Input below:
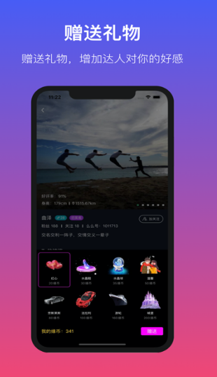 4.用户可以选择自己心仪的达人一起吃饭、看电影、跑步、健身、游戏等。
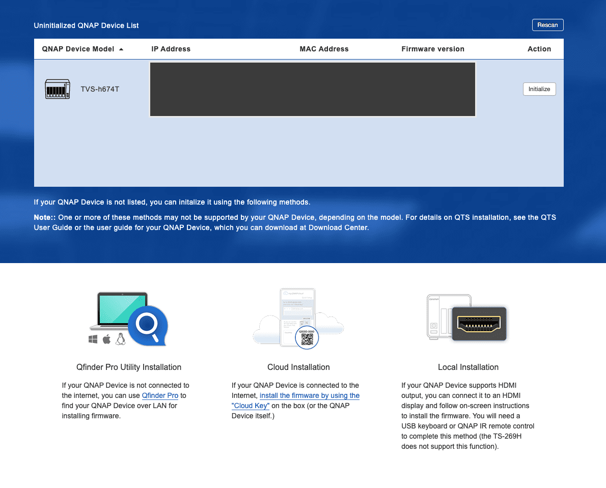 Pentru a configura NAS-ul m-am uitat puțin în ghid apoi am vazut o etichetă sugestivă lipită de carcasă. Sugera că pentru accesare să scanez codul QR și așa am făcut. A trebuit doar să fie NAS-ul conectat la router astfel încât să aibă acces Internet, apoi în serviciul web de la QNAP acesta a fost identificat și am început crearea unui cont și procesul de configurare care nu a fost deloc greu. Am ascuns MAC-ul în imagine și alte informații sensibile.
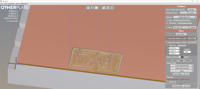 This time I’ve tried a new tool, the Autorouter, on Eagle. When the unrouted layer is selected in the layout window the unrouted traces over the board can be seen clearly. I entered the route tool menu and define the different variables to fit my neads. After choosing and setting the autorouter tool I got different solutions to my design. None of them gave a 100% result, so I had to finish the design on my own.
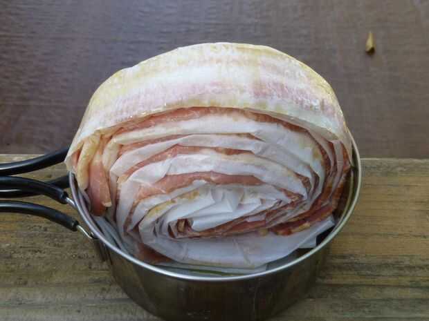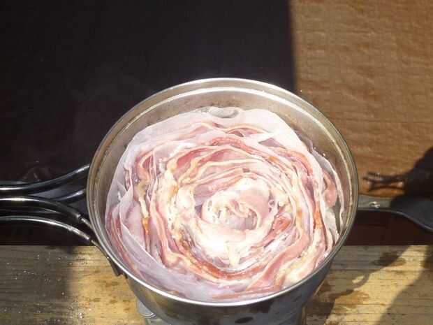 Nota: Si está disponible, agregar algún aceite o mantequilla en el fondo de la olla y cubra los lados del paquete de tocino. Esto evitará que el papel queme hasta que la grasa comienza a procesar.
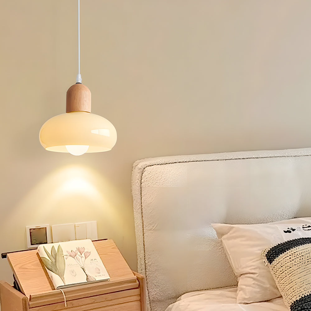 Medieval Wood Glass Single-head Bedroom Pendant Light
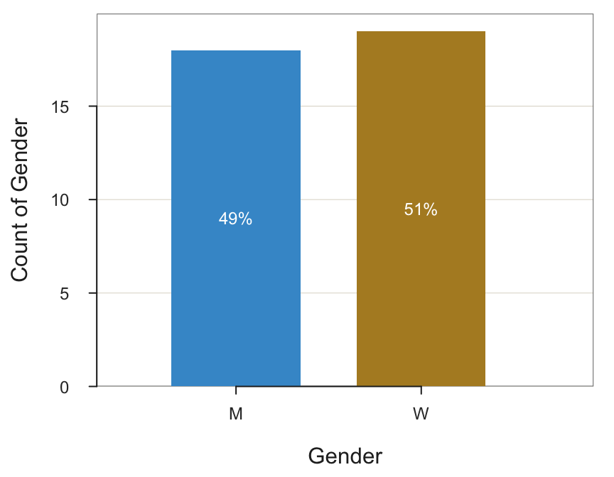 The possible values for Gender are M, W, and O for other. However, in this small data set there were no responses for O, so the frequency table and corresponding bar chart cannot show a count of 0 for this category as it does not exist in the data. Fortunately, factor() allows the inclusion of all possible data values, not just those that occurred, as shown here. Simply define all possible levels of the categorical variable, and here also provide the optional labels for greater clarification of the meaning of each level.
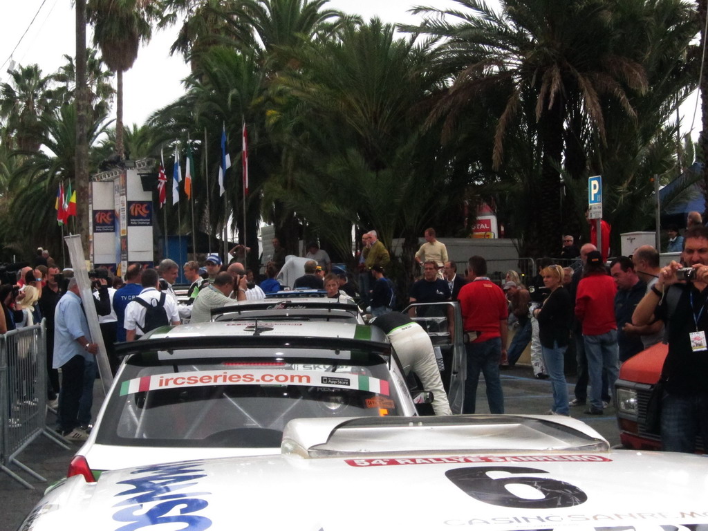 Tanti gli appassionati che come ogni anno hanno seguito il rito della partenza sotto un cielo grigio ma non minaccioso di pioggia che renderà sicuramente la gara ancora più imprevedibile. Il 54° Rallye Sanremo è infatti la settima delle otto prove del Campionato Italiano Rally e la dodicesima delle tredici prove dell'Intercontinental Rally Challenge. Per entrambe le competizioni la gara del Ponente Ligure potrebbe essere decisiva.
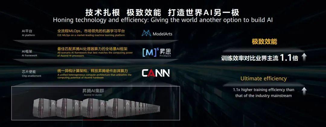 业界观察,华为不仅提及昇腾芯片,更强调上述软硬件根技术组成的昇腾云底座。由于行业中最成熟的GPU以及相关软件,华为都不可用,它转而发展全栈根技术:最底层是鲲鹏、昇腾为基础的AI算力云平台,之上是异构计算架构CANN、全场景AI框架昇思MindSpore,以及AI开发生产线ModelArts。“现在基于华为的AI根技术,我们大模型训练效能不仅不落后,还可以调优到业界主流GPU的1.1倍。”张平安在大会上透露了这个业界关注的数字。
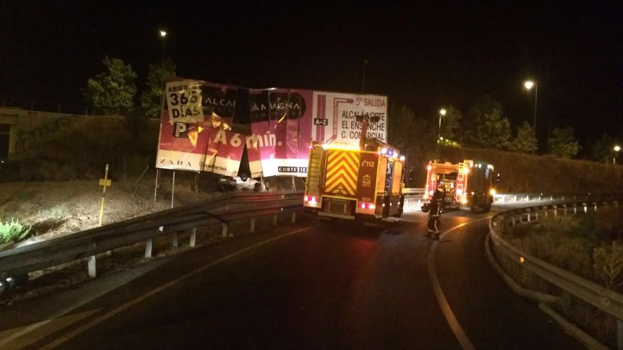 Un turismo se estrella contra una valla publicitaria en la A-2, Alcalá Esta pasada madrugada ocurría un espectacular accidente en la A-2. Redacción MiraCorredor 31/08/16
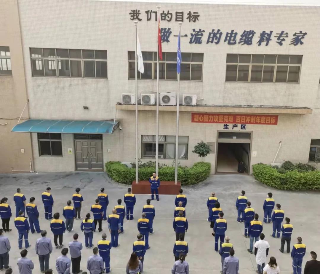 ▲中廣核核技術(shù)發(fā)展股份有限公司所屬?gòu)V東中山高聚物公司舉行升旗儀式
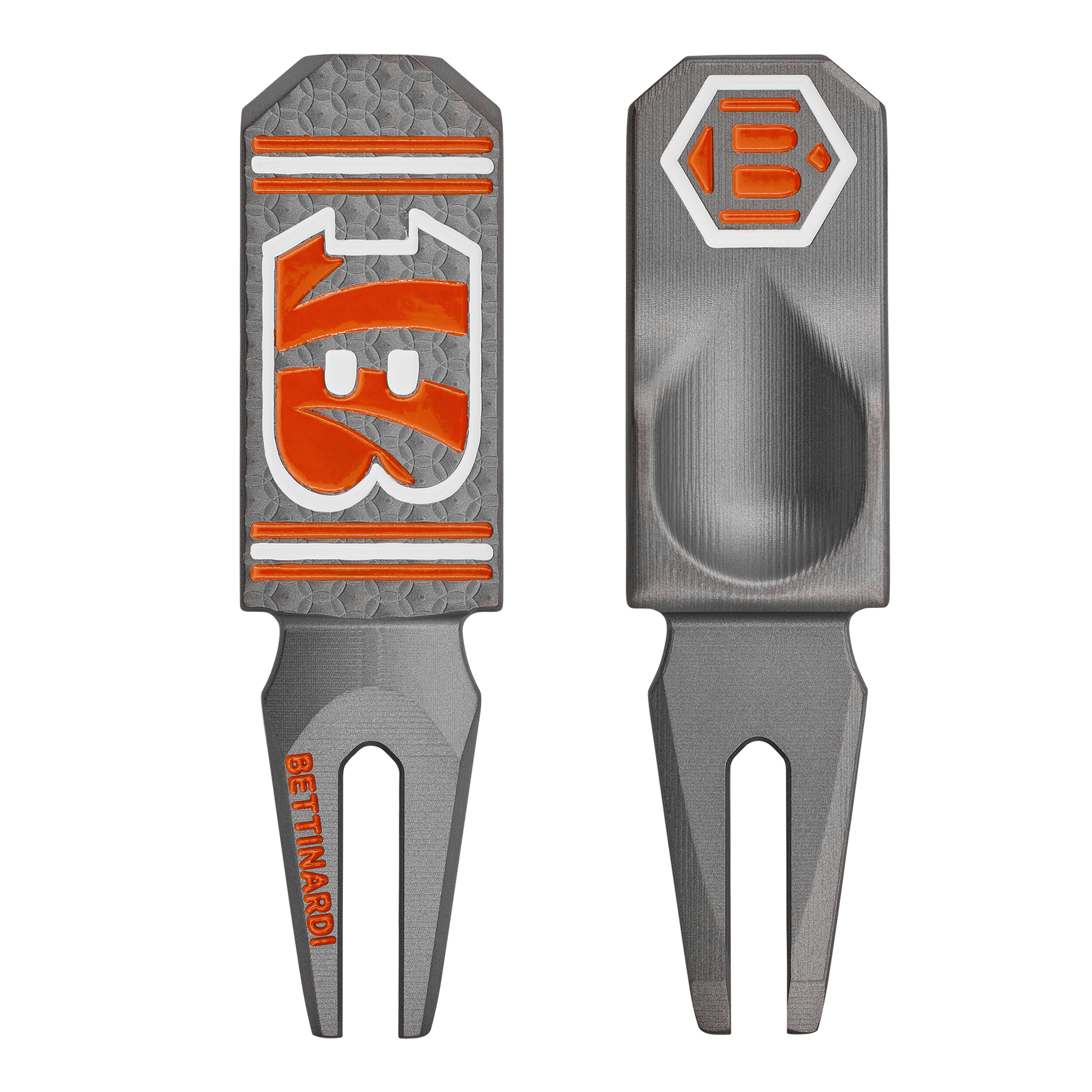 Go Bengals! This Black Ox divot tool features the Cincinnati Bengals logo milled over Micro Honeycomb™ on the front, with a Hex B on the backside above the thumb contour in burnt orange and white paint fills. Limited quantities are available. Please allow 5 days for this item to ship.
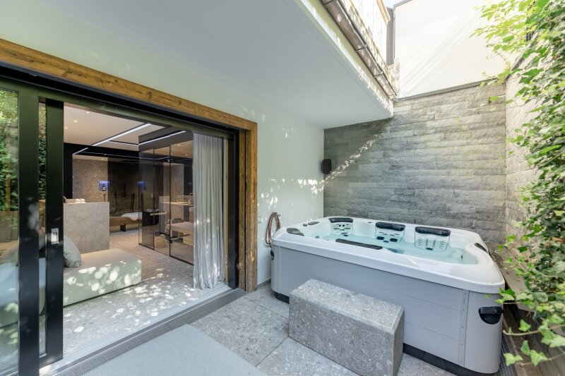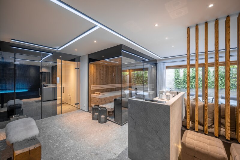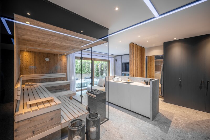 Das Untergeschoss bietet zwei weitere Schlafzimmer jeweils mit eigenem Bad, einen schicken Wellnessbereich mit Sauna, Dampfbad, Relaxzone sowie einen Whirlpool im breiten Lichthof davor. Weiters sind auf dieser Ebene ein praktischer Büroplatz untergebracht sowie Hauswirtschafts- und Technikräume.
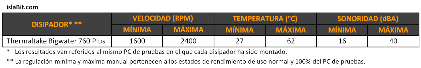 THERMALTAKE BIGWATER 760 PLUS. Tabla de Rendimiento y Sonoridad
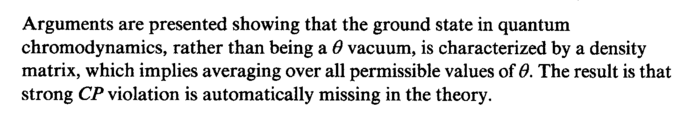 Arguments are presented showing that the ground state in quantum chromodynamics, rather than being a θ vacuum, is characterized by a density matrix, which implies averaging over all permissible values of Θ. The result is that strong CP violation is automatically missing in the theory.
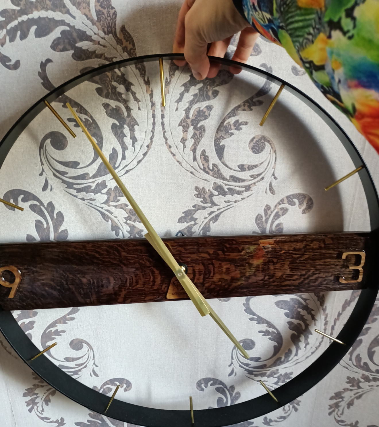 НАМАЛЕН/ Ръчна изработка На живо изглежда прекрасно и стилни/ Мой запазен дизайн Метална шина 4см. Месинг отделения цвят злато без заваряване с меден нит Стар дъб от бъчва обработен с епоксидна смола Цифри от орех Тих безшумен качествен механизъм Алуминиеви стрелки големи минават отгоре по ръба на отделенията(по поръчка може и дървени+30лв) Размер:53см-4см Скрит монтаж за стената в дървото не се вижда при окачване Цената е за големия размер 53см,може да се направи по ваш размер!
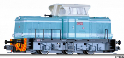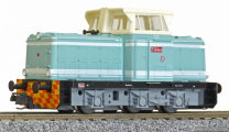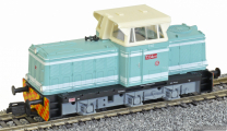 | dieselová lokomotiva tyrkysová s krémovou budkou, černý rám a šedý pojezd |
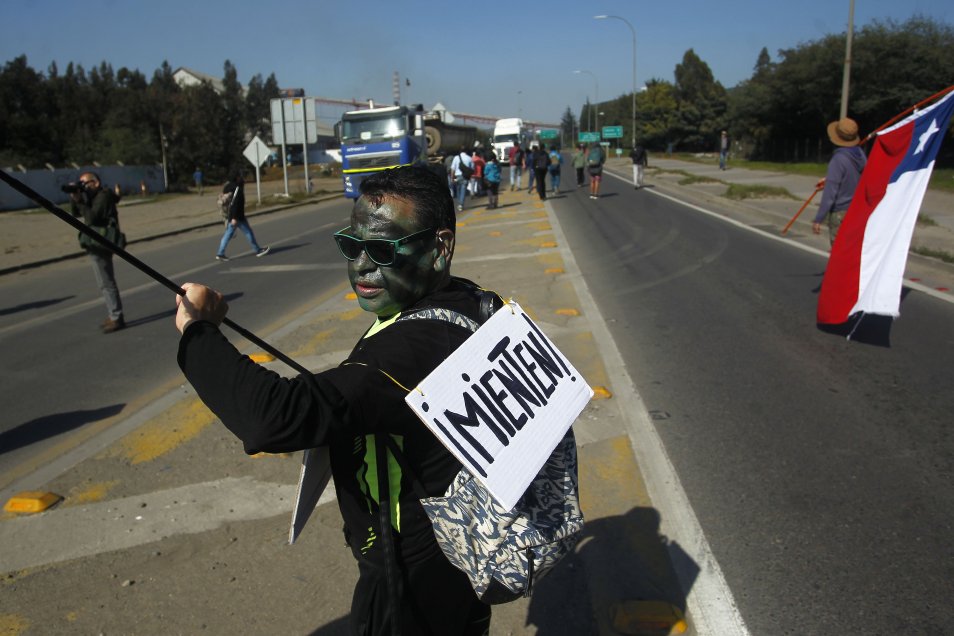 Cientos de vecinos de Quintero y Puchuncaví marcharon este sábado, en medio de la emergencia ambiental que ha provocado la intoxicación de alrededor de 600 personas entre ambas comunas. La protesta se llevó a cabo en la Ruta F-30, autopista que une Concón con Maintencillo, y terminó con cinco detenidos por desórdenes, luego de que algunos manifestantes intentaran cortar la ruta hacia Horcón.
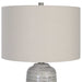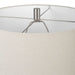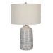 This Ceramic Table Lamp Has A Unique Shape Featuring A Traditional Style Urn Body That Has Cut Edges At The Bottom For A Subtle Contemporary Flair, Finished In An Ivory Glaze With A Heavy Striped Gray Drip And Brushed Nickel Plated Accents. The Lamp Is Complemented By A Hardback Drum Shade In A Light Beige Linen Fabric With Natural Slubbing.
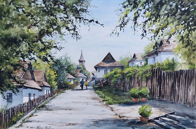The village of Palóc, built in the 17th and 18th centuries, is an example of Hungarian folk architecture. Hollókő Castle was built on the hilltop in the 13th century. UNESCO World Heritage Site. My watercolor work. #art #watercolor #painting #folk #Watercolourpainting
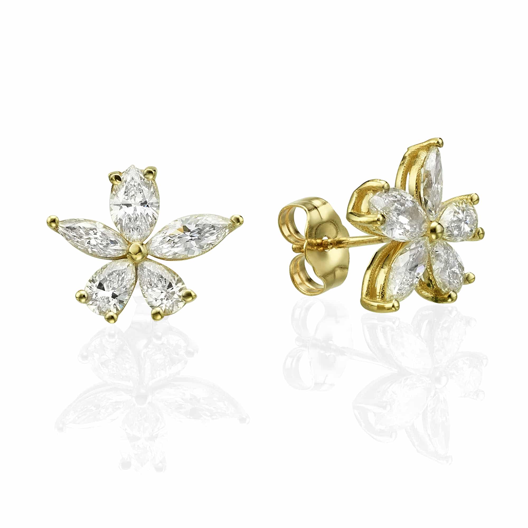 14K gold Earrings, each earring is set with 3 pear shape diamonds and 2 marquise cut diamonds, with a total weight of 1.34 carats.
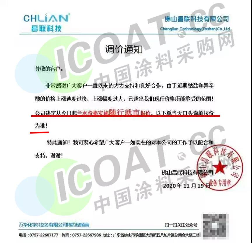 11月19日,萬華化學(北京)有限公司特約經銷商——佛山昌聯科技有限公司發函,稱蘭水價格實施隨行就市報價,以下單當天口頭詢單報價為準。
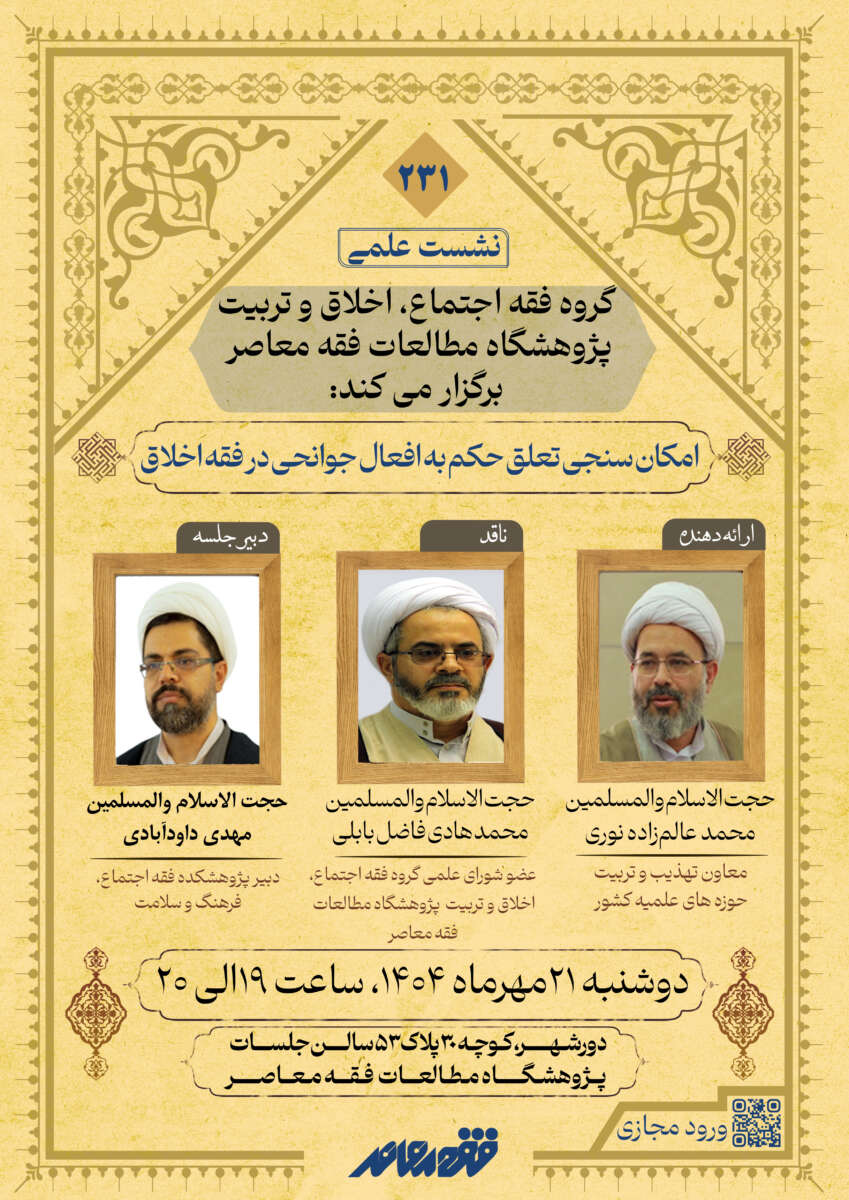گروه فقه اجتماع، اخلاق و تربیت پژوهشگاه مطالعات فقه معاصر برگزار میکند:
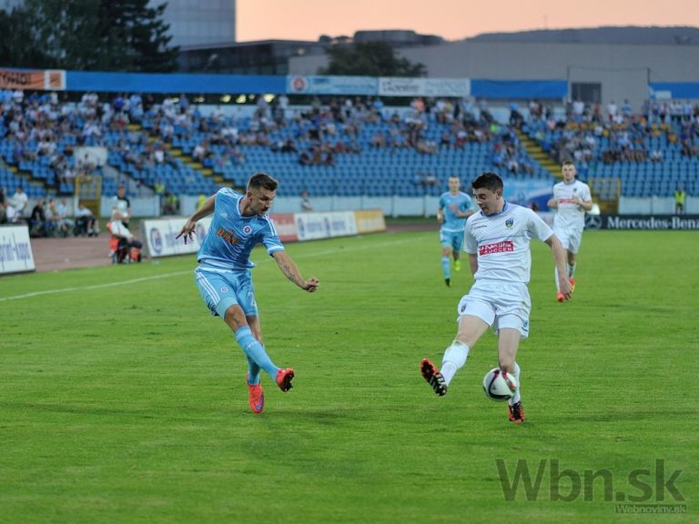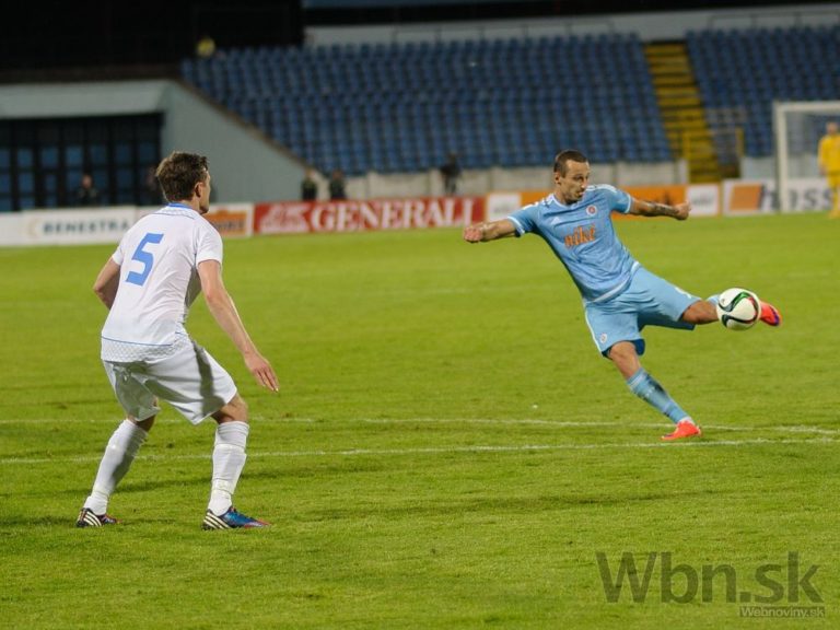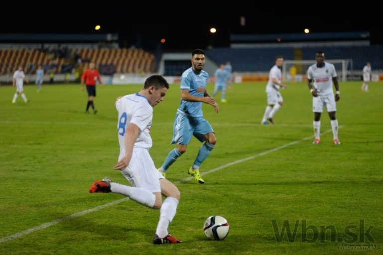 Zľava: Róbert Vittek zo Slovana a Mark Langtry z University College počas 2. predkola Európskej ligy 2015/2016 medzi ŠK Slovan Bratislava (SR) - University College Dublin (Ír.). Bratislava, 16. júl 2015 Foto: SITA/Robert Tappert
End of Input.
▶ [Your goal]: Every line above is to be given again exactly, apart from the pictures.

▶ [Task response]:
 4.用户可以选择自己心仪的达人一起吃饭、看电影、跑步、健身、游戏等。
 Pentru a configura NAS-ul m-am uitat puțin în ghid apoi am vazut o etichetă sugestivă lipită de carcasă. Sugera că pentru accesare să scanez codul QR și așa am făcut. A trebuit doar să fie NAS-ul conectat la router astfel încât să aibă acces Internet, apoi în serviciul web de la QNAP acesta a fost identificat și am început crearea unui cont și procesul de configurare care nu a fost deloc greu. Am ascuns MAC-ul în imagine și alte informații sensibile.
 This time I’ve tried a new tool, the Autorouter, on Eagle. When the unrouted layer is selected in the layout window the unrouted traces over the board can be seen clearly. I entered the route tool menu and define the different variables to fit my neads. After choosing and setting the autorouter tool I got different solutions to my design. None of them gave a 100% result, so I had to finish the design on my own.
 Nota: Si está disponible, agregar algún aceite o mantequilla en el fondo de la olla y cubra los lados del paquete de tocino. Esto evitará que el papel queme hasta que la grasa comienza a procesar.
 Medieval Wood Glass Single-head Bedroom Pendant Light
 The possible values for Gender are M, W, and O for other. However, in this small data set there were no responses for O, so the frequency table and corresponding bar chart cannot show a count of 0 for this category as it does not exist in the data. Fortunately, factor() allows the inclusion of all possible data values, not just those that occurred, as shown here. Simply define all possible levels of the categorical variable, and here also provide the optional labels for greater clarification of the meaning of each level.
 Tanti gli appassionati che come ogni anno hanno seguito il rito della partenza sotto un cielo grigio ma non minaccioso di pioggia che renderà sicuramente la gara ancora più imprevedibile. Il 54° Rallye Sanremo è infatti la settima delle otto prove del Campionato Italiano Rally e la dodicesima delle tredici prove dell'Intercontinental Rally Challenge. Per entrambe le competizioni la gara del Ponente Ligure potrebbe essere decisiva.
 业界观察,华为不仅提及昇腾芯片,更强调上述软硬件根技术组成的昇腾云底座。由于行业中最成熟的GPU以及相关软件,华为都不可用,它转而发展全栈根技术:最底层是鲲鹏、昇腾为基础的AI算力云平台,之上是异构计算架构CANN、全场景AI框架昇思MindSpore,以及AI开发生产线ModelArts。“现在基于华为的AI根技术,我们大模型训练效能不仅不落后,还可以调优到业界主流GPU的1.1倍。”张平安在大会上透露了这个业界关注的数字。
 Un turismo se estrella contra una valla publicitaria en la A-2, Alcalá Esta pasada madrugada ocurría un espectacular accidente en la A-2. Redacción MiraCorredor 31/08/16
 ▲中廣核核技術(shù)發(fā)展股份有限公司所屬?gòu)V東中山高聚物公司舉行升旗儀式
 Go Bengals! This Black Ox divot tool features the Cincinnati Bengals logo milled over Micro Honeycomb™ on the front, with a Hex B on the backside above the thumb contour in burnt orange and white paint fills. Limited quantities are available. Please allow 5 days for this item to ship.
 Das Untergeschoss bietet zwei weitere Schlafzimmer jeweils mit eigenem Bad, einen schicken Wellnessbereich mit Sauna, Dampfbad, Relaxzone sowie einen Whirlpool im breiten Lichthof davor. Weiters sind auf dieser Ebene ein praktischer Büroplatz untergebracht sowie Hauswirtschafts- und Technikräume.
 THERMALTAKE BIGWATER 760 PLUS. Tabla de Rendimiento y Sonoridad
 Arguments are presented showing that the ground state in quantum chromodynamics, rather than being a θ vacuum, is characterized by a density matrix, which implies averaging over all permissible values of Θ. The result is that strong CP violation is automatically missing in the theory.
 НАМАЛЕН/ Ръчна изработка На живо изглежда прекрасно и стилни/ Мой запазен дизайн Метална шина 4см. Месинг отделения цвят злато без заваряване с меден нит Стар дъб от бъчва обработен с епоксидна смола Цифри от орех Тих безшумен качествен механизъм Алуминиеви стрелки големи минават отгоре по ръба на отделенията(по поръчка може и дървени+30лв) Размер:53см-4см Скрит монтаж за стената в дървото не се вижда при окачване Цената е за големия размер 53см,може да се направи по ваш размер!
 | dieselová lokomotiva tyrkysová s krémovou budkou, černý rám a šedý pojezd |
 Cientos de vecinos de Quintero y Puchuncaví marcharon este sábado, en medio de la emergencia ambiental que ha provocado la intoxicación de alrededor de 600 personas entre ambas comunas. La protesta se llevó a cabo en la Ruta F-30, autopista que une Concón con Maintencillo, y terminó con cinco detenidos por desórdenes, luego de que algunos manifestantes intentaran cortar la ruta hacia Horcón.
 This Ceramic Table Lamp Has A Unique Shape Featuring A Traditional Style Urn Body That Has Cut Edges At The Bottom For A Subtle Contemporary Flair, Finished In An Ivory Glaze With A Heavy Striped Gray Drip And Brushed Nickel Plated Accents. The Lamp Is Complemented By A Hardback Drum Shade In A Light Beige Linen Fabric With Natural Slubbing.
The village of Palóc, built in the 17th and 18th centuries, is an example of Hungarian folk architecture. Hollókő Castle was built on the hilltop in the 13th century. UNESCO World Heritage Site. My watercolor work. #art #watercolor #painting #folk #Watercolourpainting
 14K gold Earrings, each earring is set with 3 pear shape diamonds and 2 marquise cut diamonds, with a total weight of 1.34 carats.
 11月19日,萬華化學(北京)有限公司特約經銷商——佛山昌聯科技有限公司發函,稱蘭水價格實施隨行就市報價,以下單當天口頭詢單報價為準。
گروه فقه اجتماع، اخلاق و تربیت پژوهشگاه مطالعات فقه معاصر برگزار میکند:
 Zľava: Róbert Vittek zo Slovana a Mark Langtry z University College počas 2. predkola Európskej ligy 2015/2016 medzi ŠK Slovan Bratislava (SR) - University College Dublin (Ír.). Bratislava, 16. júl 2015 Foto: SITA/Robert Tappert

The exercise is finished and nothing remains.